The shame in Netflix’s massively-budgeted blockbuster star vehicle, The Gray Man, is that it won’t matter how good, or not good, it is. Despite stars the caliber of Ryan Gosling, Chris Evans, Ana de Armas, and Billy Bob Thornton, it’s destined to only inspire endless thinkpieces about Netflix’s strategy of choosing movies seemingly concocted in a lab to get the 7 or so minutes to qualify as a “viewing”. Red Notice was just such a film. The Gray Man is better than that, but only marginally so, as it’s pretty much a generic assassin thriller right down to the bone.
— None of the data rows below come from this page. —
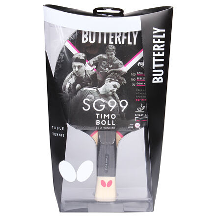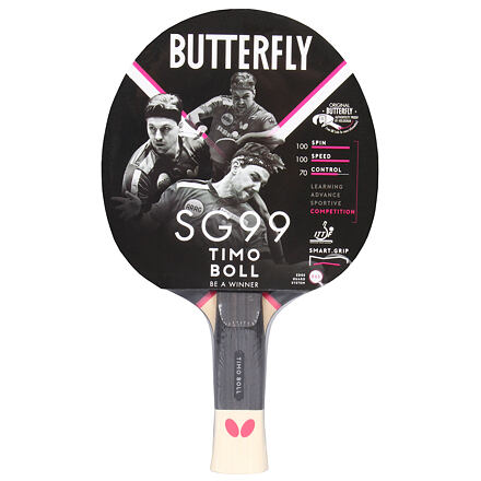 Rad pálok na stolný tenis Timo Boll SG (Smart Grip) z dielne popredného výrobce Butterfly nesie názov po jednom z najlepších hráčov stolného tenisu vôbec. Ping pongová pálka Timo Boll SG99 je dizajnovaná pre top výkonnostných hráčov, ktorí už dosahujú vysoké herné úrovne, zároveň však usilujú o ešte vyššie rozvoj svojich herných zručností až k výnimočným schopnostiam šampióna Bolla a chcú vynikať rovnako ako on ako nadmierou technicky odohraných loptičiek tak aj dynamicky ofenzívnymi smečmi. Vedľa vycibrenej technickej úrovne úderov na spin a pozoruhodné rýchlosti pohybu s bleskovými reflexy pri príjme súperových lôpt budete samozrejme potrebovať aj zodpovedajúce výkonnostné pálku. Model Timo Boll SG99 disponuje 1,8 mm poťahom Wabaka pre vyšší potenciál spinových úderov s anatomicky tvarovaným držadlom so stredovým zárezom pre citlivejšie a plnšie úchop pálky a pre minimalizáciu rizika skĺznutiu prstov. Technologickou vychytávkou pálky je tiež EGS systém (Edge Guard System), upravený okraj poťahu pálky pre redukciu straty energie odpálenej loptičky pri jeho zasiahnutí pri okraji. Timo Boll SG99 je spoľahlivým nástrojom pre vysoké herné tempo a technicky vycibrený herný štýl.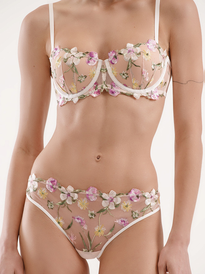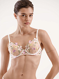 Бюстгальтер t-shirt на стане, выполнен из деликатной цветочной вышивки на сетке в сочетании с эластичной сеткой. Комфортная посадка благодаря легкому и мягкому наполнителю чашки. Бретели регулируются на спинке. Застегивается бюстгальтер сзади на крючки-петли. Данный бюстгальтер специально с учетом особенностей обладательниц пышных форм.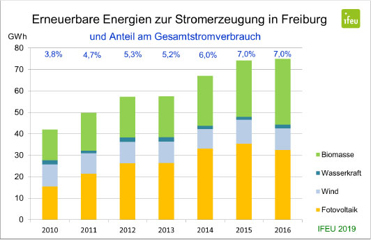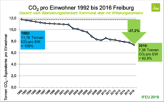 Die Freiburger CO2-Emissionen lagen im Jahr 2016 bei 7,38 Tonnen pro Kopf und damit 37,2 Prozent niedriger als 1992. Die Pro-Kopf-CO2-Emissionen in Freiburg sind in den letzten Jahren, seit 2009, zunächst fast gleich geblieben und erst ab 2013 wieder gesunken.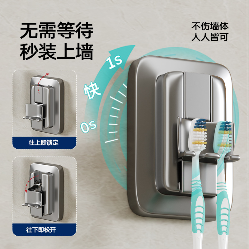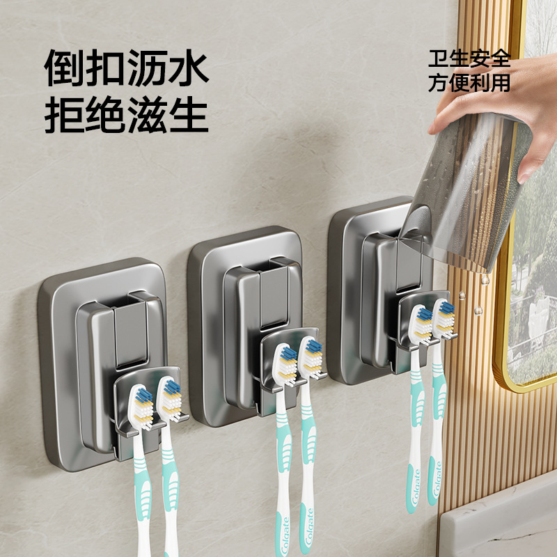 一件代发免打孔吸盘式枪灰色浴室卫生间牙刷牙杯牙具收纳置物架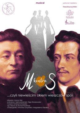 Nie znaliście Wieszczów od tej strony! Kto sfriendzonował Mickiewicza? Co, oprócz talentu, łączyło Słowackiego z Chopinem? Ile muz w życiu poety to przesada? Na wszystkie te pytania odpowiemy wierszem i piosenką w autorskim spektaklu muzycznym „M. kontra S.” , który - podobnie jak słynny “Hamilton” - przedstawi znane postaci historyczne w nowatorskiej, musicalowej odsłonie, i - tak jak „SIX” - odda mikrofon kobietom.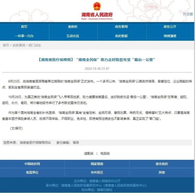 湖南省人民政府和湖南省医保局官网刊登《湖南全民保助力走好脱贫攻坚“最后一公里”》

That’s not to say The Gray Man is bad. It’s actually quite a lot of fun, but your mileage will vary depending on how much you enjoy watching Gosling and Evans, both with douchey facial hair, slug it out and trade risible banter. Plus, the film is directed by Marvel’s Avengers duo of Joe & Anthony Russo, joined by their MCU screenwriter pals Stephen McFeely and Christopher Markus, so you know there’s a ton of action and a vaguely superhero-esque vibe. In fact, this is probably the closest Gosling has come to playing a superhero, except for maybe in Drive?
There’s actually quite a lot of similarity between Gosling’s assassin Court Gentry and his Drive “hero”. Both are quiet men with a certain code of honor that only they can understand. The major difference is that Court is more likely to crack a joke than crack a skull. He’s still an expert killer and defender of the weak, which is what makes him ace for a clandestine operation within the CIA. There’s no messing around with this basic plot; early on we see Court aka Sierra Six on a mission to kill a dangerous target. The mission goes sideways when the target turns out to be one of Court’s predecessors, unveiling a dark legacy of secrets within the agency. Court instantly becomes a target of CIA head Denny Carmichael (Bridgerton‘s Regé-Jean Page), who despite the warnings of worrywart colleague Suzanne Brewer (Jessica Henwick with a terrible Hillary Clinton ‘do), enlists psychopathic mercenary Lloyd Hansen (Evans) to hunt him down.
The Gray Man unfolds like a Luc Besson assassins movie from the ’90s, which readers of this site will remember as among my very favorite things. But that’s the problem. I expect this movie from someone like Besson, not from the Russos. I expect a lot more from them or at least something different. Short of some cool set pieces in gorgeous international locales, there’s little here that you haven’t seen before elsewhere. That said, the production values are impeccable. It’s a gorgeous movie, and not just the cast in front of the camera. It occasionally grasps the classy feel of a James Bond picture, while other times it resembles the slickness of John Wick. You could do worse than being in the ballpark of either. Some of the editing is inexplicably haphazard, though. A parachute sequence involving Court is a mess, and sometimes it’s tough to tell what the Hell is going on and who is doing what. The action is solid, but lacks the punch of the Russos’ explosive MCU debut in Captain America: The Winter Soldier or its followup in Civil War.
The main event is Gosling vs. Evans, and they put on quite a show. Yes, their verbal exchanges boast some pretty awful, basic tough-guy language but the fun is in the details. Evans’ Lloyd Hansen is such an insecure little prick that he gets angrier at Court’s impeccable reputation and seeming invincibility. Gosling and Evans play opposite one another beautifully, and I have a feeling this won’t be the last time we get to see it. Evans in particular is having a ball acting against type. Even before his exit from the MCU, Evans has been branching out to play characters as opposed to his squeaky clean image as possible. Lloyd definitely fits the bill and he’s the most enjoyable one to watch by far.
Unfortunately, the same can’t be said for Ana de Armas, who doesn’t make an impression as Court’s mercenary tag-a-long, Dani Miranda. Certainly, she fails to make the splash that she made in No Time to Die, and that was with a fraction of screen time. Thorton, as Court’s recruiter and wisened old mentor Donald Fitzroy, quietly steals scenes as does Alfre Woodard as former CIA chief Margaret Cahill. Along with talented Once Upon a Time in Hollywood actress Julia Butters as Fitzroy’s niece, they give us the only characters we can really feel anything for. They exist primarily to give us a reason to root for Court, who never escapes the fact that he’s a hired killer for the government.
The Gray Man offers up some decent action and popular fan-favorite actors trading barbs and bullets. At a reported $200M cost, one might think it should have something to say, as well. But that’s not what Netflix was paying for. In terms of delivering an entertaining blockbuster replica that will get subscribers to hit “Play”, The Gray Man gets the job done.
Netflix will debut The Gray Man on July 15th.